Mengenal Tradisi Ngerebong Asli Kesiman Denpasar Bali Sejak 1937

30 November 2021, 06:10 WIB
Tradisi Ngerebong Asli Kesiman Denpasar Bali Sejak 1937. /Tangkapan layar Youtube/Indrapraja Channel

RINGTIMES BALI – Tradisi Ngerebong selalu diadakan setiap enam bulan sekali atau delapan hari setelah Hari Raya Kuningan pada hari Minggu Redite Pon Wuku Medangsia.

Tradisi unik dari Bali ini adalah salah satu adat istiadat yang masih dipegang dan terus dilestarikan oleh masyarakat Kesiman Denpasar.

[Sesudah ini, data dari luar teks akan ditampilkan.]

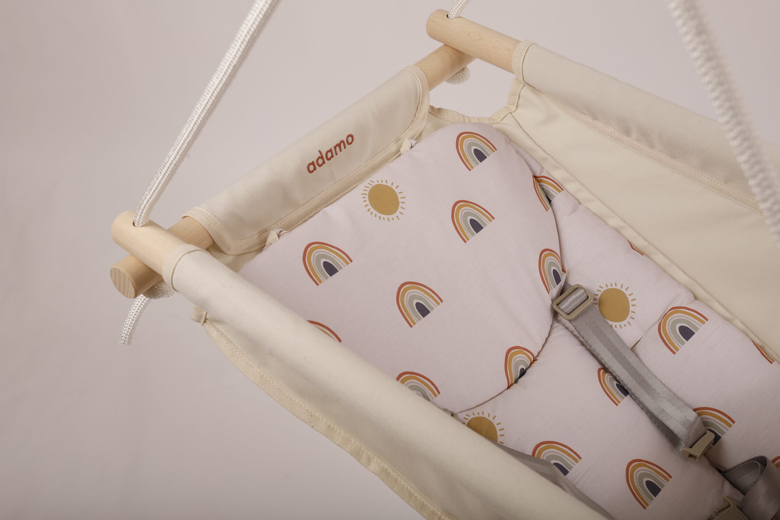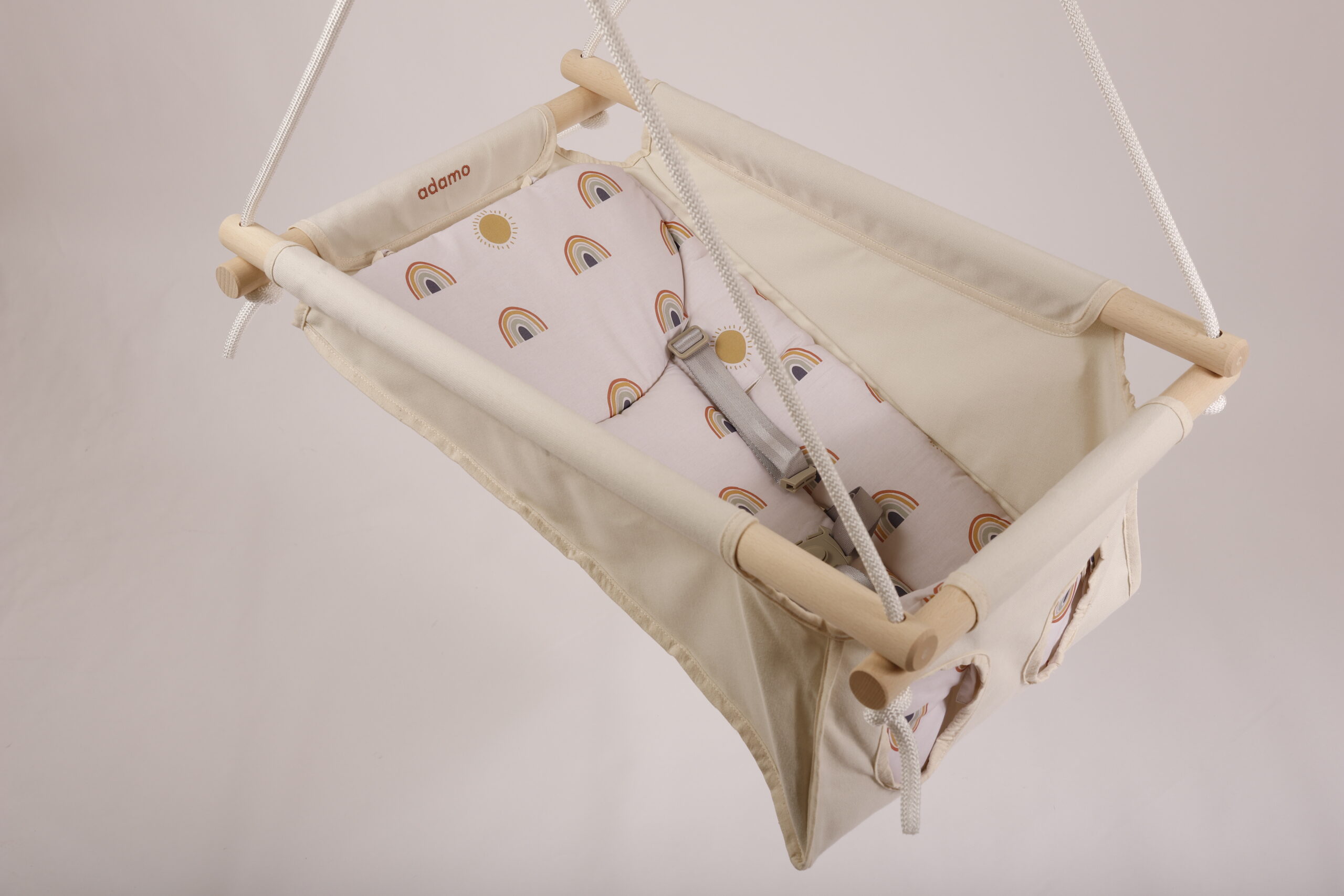 Az Adamo hinta, a rég elfeledett bölcső és az egy ponton függesztett hinta ötvözete. Újszülött kortól, egészen a baba 3 éves koráig tudjátok használni! Egy ponton, egy rugóval ellátott kötélzeten függeszkedik, így minden irányú mozgást tud produkálni. Használható bölcsőhintaként, ülőhintaként, rugós hintaként. Egyszerűen megunhatatlan!

Tradisi Ngerebong sendiri sudah dipatenkan sejak tahun 1937, dengan rangkaian adat yang harus dilaksanakan.

Baca Juga: Jelang Hari Raya Galungan, Masyarakat Klungkung Jalankan Tradisi Mepatung

Dimulai dari Ngerebek yang dilaksanakan pada Umanis Galungan, kemudian Pamendakan Agung pada Paing Kuningan dan yang terakhir Ngerebong.

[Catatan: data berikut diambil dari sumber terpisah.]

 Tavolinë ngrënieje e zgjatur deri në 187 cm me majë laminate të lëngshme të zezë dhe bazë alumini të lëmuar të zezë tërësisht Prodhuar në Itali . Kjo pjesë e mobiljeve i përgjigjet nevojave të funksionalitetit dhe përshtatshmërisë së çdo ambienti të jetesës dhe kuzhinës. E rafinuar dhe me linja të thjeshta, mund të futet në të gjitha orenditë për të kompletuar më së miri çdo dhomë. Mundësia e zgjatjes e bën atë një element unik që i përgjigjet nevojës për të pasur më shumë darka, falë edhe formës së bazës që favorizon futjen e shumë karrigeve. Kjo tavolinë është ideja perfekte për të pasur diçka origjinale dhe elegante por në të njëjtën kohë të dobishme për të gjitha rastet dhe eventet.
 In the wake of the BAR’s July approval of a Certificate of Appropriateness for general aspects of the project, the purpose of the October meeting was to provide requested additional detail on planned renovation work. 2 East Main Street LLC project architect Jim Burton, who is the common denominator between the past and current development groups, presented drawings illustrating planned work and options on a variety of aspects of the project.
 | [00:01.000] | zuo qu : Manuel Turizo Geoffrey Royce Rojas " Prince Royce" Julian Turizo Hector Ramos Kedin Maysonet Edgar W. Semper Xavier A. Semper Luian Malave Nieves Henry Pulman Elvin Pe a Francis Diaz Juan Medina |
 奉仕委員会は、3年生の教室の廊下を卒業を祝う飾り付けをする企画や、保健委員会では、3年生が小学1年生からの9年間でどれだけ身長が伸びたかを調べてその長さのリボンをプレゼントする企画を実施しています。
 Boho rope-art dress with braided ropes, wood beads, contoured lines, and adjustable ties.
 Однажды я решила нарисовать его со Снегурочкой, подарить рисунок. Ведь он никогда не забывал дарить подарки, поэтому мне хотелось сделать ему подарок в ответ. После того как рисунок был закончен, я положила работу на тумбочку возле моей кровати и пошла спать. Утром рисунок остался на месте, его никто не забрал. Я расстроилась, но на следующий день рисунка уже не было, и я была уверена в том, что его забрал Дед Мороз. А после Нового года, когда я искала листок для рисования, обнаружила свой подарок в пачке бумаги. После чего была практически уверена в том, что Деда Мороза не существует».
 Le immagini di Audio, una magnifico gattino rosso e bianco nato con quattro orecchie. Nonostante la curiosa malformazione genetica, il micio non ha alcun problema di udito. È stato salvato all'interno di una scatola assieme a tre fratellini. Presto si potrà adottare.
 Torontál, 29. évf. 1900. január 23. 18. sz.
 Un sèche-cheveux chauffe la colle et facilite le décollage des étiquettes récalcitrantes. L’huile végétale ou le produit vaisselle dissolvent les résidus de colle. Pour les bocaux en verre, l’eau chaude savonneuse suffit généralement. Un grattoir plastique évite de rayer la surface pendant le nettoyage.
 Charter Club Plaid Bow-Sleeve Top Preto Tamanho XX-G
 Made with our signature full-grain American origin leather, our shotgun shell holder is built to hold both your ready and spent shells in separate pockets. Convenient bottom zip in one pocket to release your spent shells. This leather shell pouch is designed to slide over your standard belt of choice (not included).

Upacara Ngerebong sendiri tergolong dalam upacara bhuta yadnya atau pacaruan, yang bertujuan untuk mengingatkan umat Hindu memelihara hubungan hubungan manusia dengan Tuhannya, antara manusia dengan sesame umat manusia, dan antara manusia dengan alam lingkungan.

Sebelum dimulainya puncak acara Ngerebong, masyarakat sudah datang dan memenuhi area acara dan akan sembahyang di Pura Pentilan.

Baca Juga: Desa Trunyan dan Tradisi 11 Abad Masyarakat Bali Asli

Area acara dipenuhi dengan beberapa suguhan seperti alunan musik tradisional, bunga-bungaan dalam tempayan cantik, serta penjor-penjor yang menjulang tinggi.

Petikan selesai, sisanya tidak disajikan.